Fažana (Croatian; /hr/) or Fasana (Italian; /it/) is a village and a municipality on the southwestern coast of Istria in Croatia. It is a fishing village.

==Name==
Fažana, which in Roman times carried the name of Vasianum and then Phasiana, derives its name from the presence in Roman times of ceramic and terracotta manufactures such as vases, tiles and amphorae. Its name and meaning thereof is also reflected in the coat of arms of the town, an amphora.

==History==

===Roman times===
Fažana is a village of Roman origin. Its territory was part of the Roman Empire by 177 BC. It belonged to the Roman colony of Pula, both politically and administratively. During Roman times, Fažana was an important economic center of the Ancient Roman civilization. Its importance during Roman times was due to its manufactures, production of olive oil and later amphorae. The Ancient Roman factory of Fasana, located in the old center of the town, was noted for its production of ceramics and bricks.

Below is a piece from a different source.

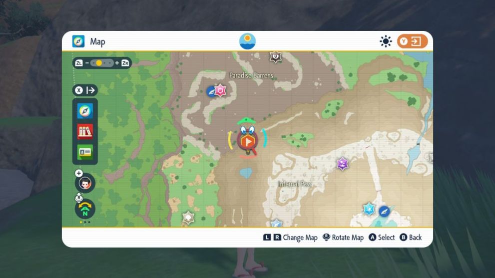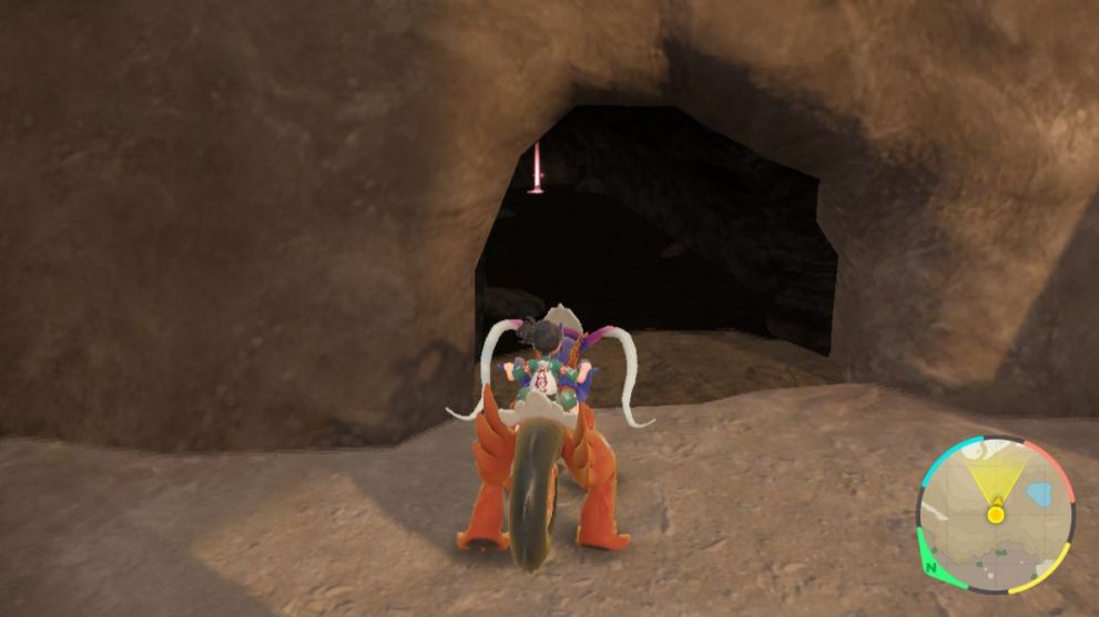 Once you arrive in this general area, stick to the path at the very bottom of the cliffs, and work your way around until you manage to locate this little cave in the wall. I was able to do so with ease by jumping down from the top of the cliffs and gliding on Koraidon, so this method may help you out in locating the cave for yourself.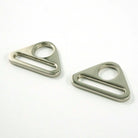 These flat triangle rings have two holes and fit a variety of bag strap sizes. Clip your swivel hook right into the top hole. No more bag rings sliding and twisting in your strap tabs, and they look good too!

The production of amphorae started during the latter part of the reign of Augustus, and lasted until the second century AD. In these amphorae were stored the local products, such as grain, salted fish and, most importantly, the Istrian oil and wine, the two most valuable products of the Istrian peninsula during Roman times. The workshop belonged to the local Lecanii family, and its first known owner was praetor urbanus Caius (Gaius) Laecanius Bassus. A striking aspect of the recovered amphorae are the signatures of the workers who worked in the factory.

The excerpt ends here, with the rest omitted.